Protected area in Italy

The Adamello Brenta Natural Park (Parco naturale Adamello Brenta) is a nature reserve in Trentino, Italy. Established in 1967, it encompasses most of the Adamello-Presanella Alps as well as the Brenta Dolomites; it is the largest natural park in Trentino and along with the adjacent Stelvio National Park, Swiss National Park and Adamello Regional Park, it forms the largest protected area in the Alps, nearly 400,000 hectares. It joined the Global Geoparks Network in 2008, becoming a UNESCO Global Geopark when the designation was ratified in 2015.

==History==
In 1919, Professor Giovanni Pedrotti, a mountaineer and scholar from Trento, began a campaign of public awareness in the hopes of establishing a national park in western Trentino, but the initiative found no success.

In 1928, Gian Giacomo Gallarati Scotti revived the idea of a park, after concluding through fieldwork that the survival of the Alpine brown bear depended on the protection of its natural habitat. Through the joint intervention of senators Cesare Nava and Giberto Borromeo, he was able to submit a proposal to Alessandro Martelli, then Minister of the National Economy, but despite an initially favourable reception the matter came to nothing.
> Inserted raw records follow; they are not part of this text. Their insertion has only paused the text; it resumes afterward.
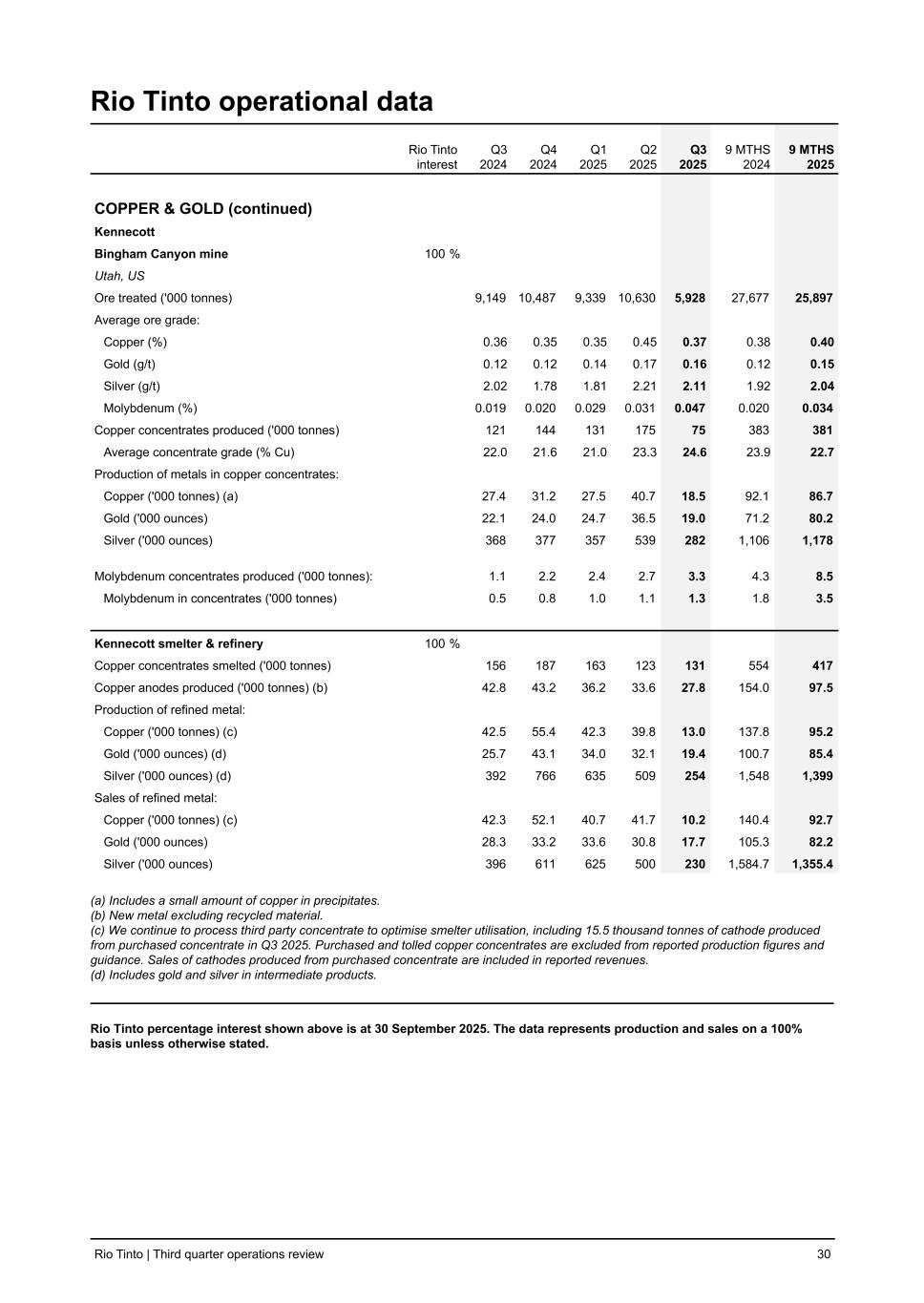 Rio Tinto operational data Rio Tinto interest Q3 2024 Q4 2024 Q1 2025 Q2 2025 Q3 2025 9 MTHS 2024 9 MTHS 2025 COPPER & GOLD (continued) Kennecott Bingham Canyon mine 100 % Utah, US Ore treated ('000 tonnes) 9,149 10,487 9,339 10,630 5,928 27,677 25,897 Average ore grade: Copper (%) 0.36 0.35 0.35 0.45 0.37 0.38 0.40 Gold (g/t) 0.12 0.12 0.14 0.17 0.16 0.12 0.15 Silver (g/t) 2.02 1.78 1.81 2.21 2.11 1.92 2.04 Molybdenum (%) 0.019 0.020 0.029 0.031 0.047 0.020 0.034 Copper concentrates produced ('000 tonnes) 121 144 131 175 75 383 381 Average concentrate grade (% Cu) 22.0 21.6 21.0 23.3 24.6 23.9 22.7 Production of metals in copper concentrates: Copper ('000 tonnes) (a) 27.4 31.2 27.5 40.7 18.5 92.1 86.7 Gold ('000 ounces) 22.1 24.0 24.7 36.5 19.0 71.2 80.2 Silver ('000 ounces) 368 377 357 539 282 1,106 1,178 Molybdenum concentrates produced ('000 tonnes): 1.1 2.2 2.4 2.7 3.3 4.3 8.5 Molybdenum in concentrates ('000 tonnes) 0.5 0.8 1.0 1.1 1.3 1.8 3.5 Kennecott smelter & refinery 100 % Copper concentrates smelted ('000 tonnes) 156 187 163 123 131 554 417 Copper anodes produced ('000 tonnes) (b) 42.8 43.2 36.2 33.6 27.8 154.0 97.5 Production of refined metal: Copper ('000 tonnes) (c) 42.5 55.4 42.3 39.8 13.0 137.8 95.2 Gold ('000 ounces) (d) 25.7 43.1 34.0 32.1 19.4 100.7 85.4 Silver ('000 ounces) (d) 392 766 635 509 254 1,548 1,399 Sales of refined metal: Copper ('000 tonnes) (c) 42.3 52.1 40.7 41.7 10.2 140.4 92.7 Gold ('000 ounces) 28.3 33.2 33.6 30.8 17.7 105.3 82.2 Silver ('000 ounces) 396 611 625 500 230 1,584.7 1,355.4 (a) Includes a small amount of copper in precipitates. (b) New metal excluding recycled material. (c) We continue to process third party concentrate to optimise smelter utilisation, including 15.5 thousand tonnes of cathode produced from purchased concentrate in Q3 2025. Purchased and tolled copper concentrates are excluded from reported production figures and guidance. Sales of cathodes produced from purchased concentrate are included in reported revenues. (d) Includes gold and silver in intermediate products. Rio Tinto percentage interest shown above is at 30 September 2025. The data represents production and sales on a 100% basis unless otherwise stated. Rio Tinto | Third quarter operations review 30
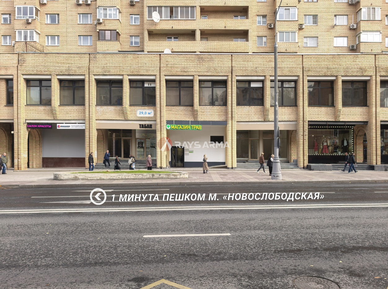 Номер лота на нашем сайте: 44670. Продается помещение с арендатором площадью 29 м 2 на 1 этаже жилого здания. Шаговая доступность от ст. метро Новослободская 1 минута пешком.
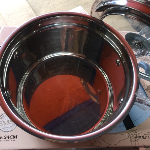 Bộ nồi gồm 4 chiếc từ 18cm/20cm/22cm/24cm nồi dày vung kính dễ theo dõi thức ăn nấu bên trong.
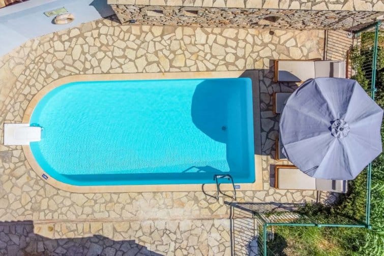 Step outside, and the enchantment continues. A private pool, reflecting the azure skies, beckons you to immerse yourself in its cool embrace, surrounded by weathered stone terraces that tell tales of countless sun-soaked afternoons. Here, time slows down, and the rhythmic lapping of water becomes a soothing melody.
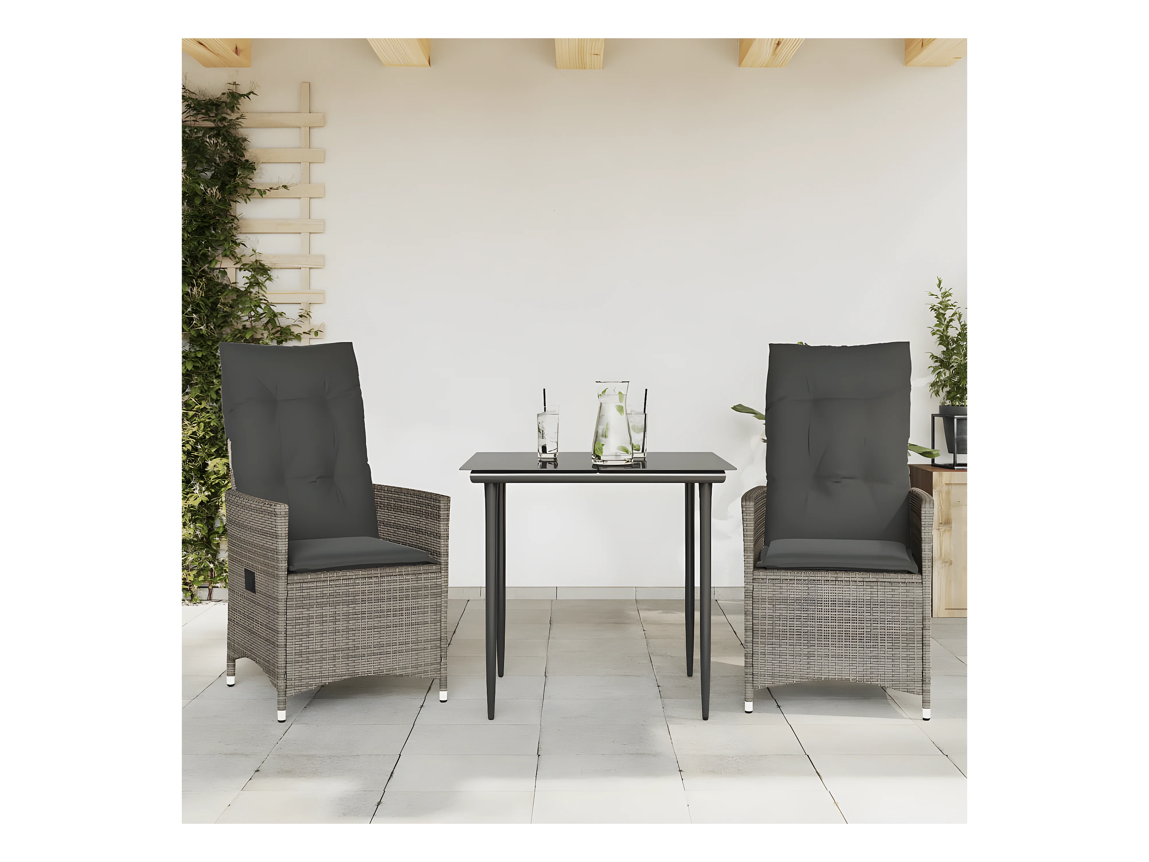 Lot de 2 Chaises inclinables de jardin et coussins gris rotin FR86042
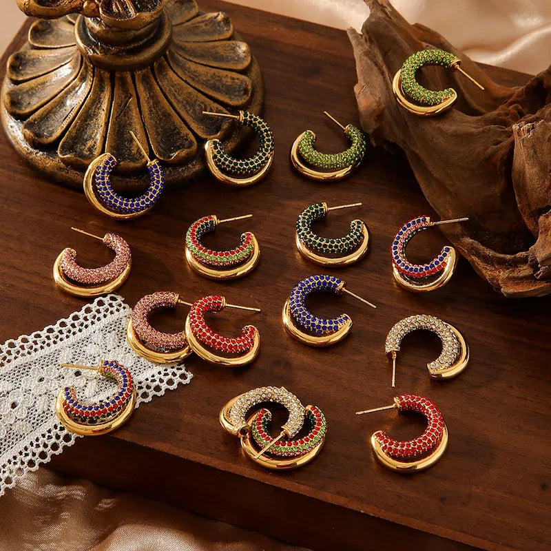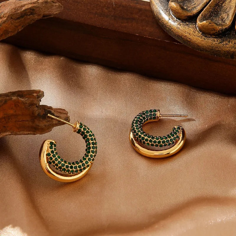 Stainless Steel Geometric C-Shaped Diamond Embedded Earrings Women's High-End Non-Fading Titanium Steel Jewelry Ear Decor
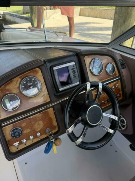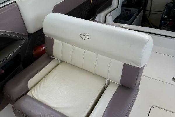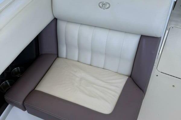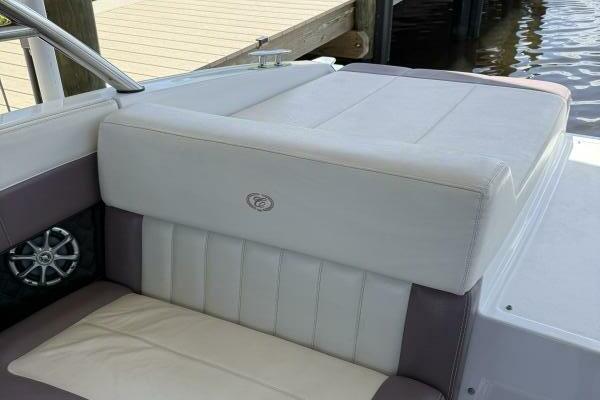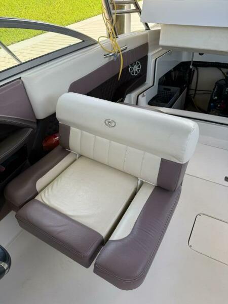 This Cobalt 296 has been exceptionally well maintained and benefits from being kept on a covered lift, protecting her from the sun and waterline staining. The upholstery, canvas, and exterior finishes present in excellent condition, reflecting the care she has received.
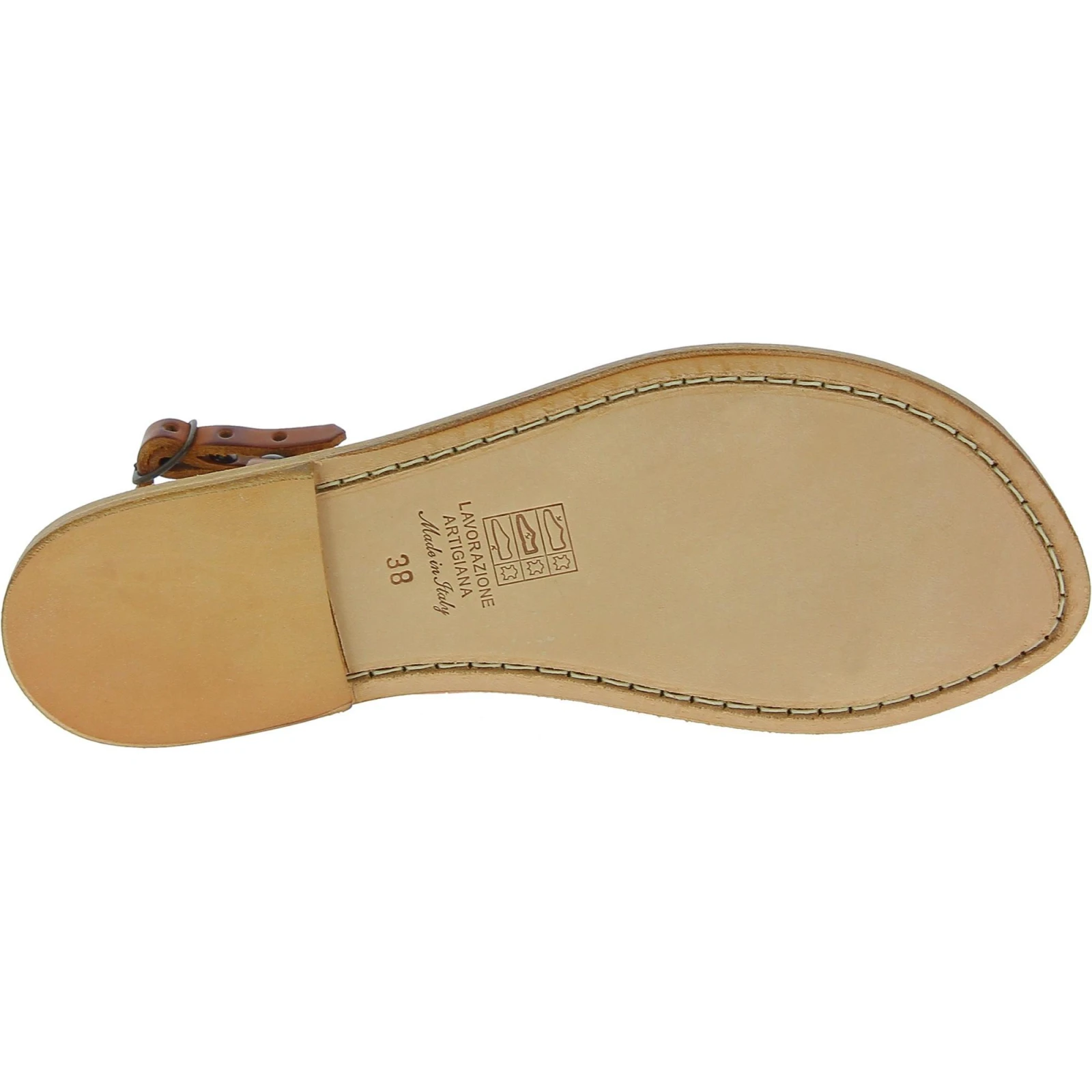 Sandales bas avec lanières de cuir graissée de vachetta avec semelle en cuir naturel (pas coloré) fait main en Italie sans l'aide étrangère ou le travail des enfants, mais par des experts dans la meilleure tradition de l'artisanat.
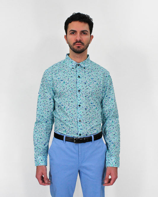 MITCHELL SMALL SWIRL SHIRT IN LAGOON
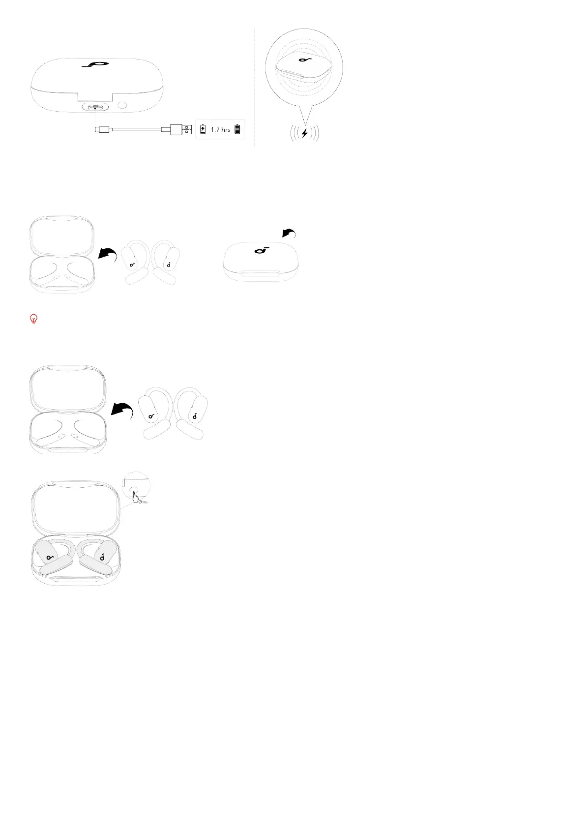 1. Return the earbuds to the charging case and leave the case open.

Between 1936 and 1940, the debate over the park reached the broader public. With numerous articles appeared in newspapers and journals, reflecting a disagreement over its purpose. Senators Carlo Bonardi and Ottorino Carletti led a faction that favoured establishing the park primarily for tourism, opposing those who wanted a scientifically focused reserve. Among the local population in Trentino, many feared that a reserve would bring restrictions on their land and activities. The most prominent local opponent was Lino Bonomi, director of the Trentino Museum of Natural Sciences in Trento.

In 1949 Fausto Stefenelli and in 1950 Paolo Videsott submitted separate legislative proposals to the Regional Council of Trentino-Alto Adige/Südtirol for the establishment of a national park. The Region chose to proceed on the basis of Videsott's proposal, which called for the park to be merged with the existing Stelvio National Park and for management to pass to a specially appointed local body. The Ministry of Agriculture and Forests, the Italian Touring Club and the Italian Alpine Club all opposed the project, and proposals stalled for over a decade.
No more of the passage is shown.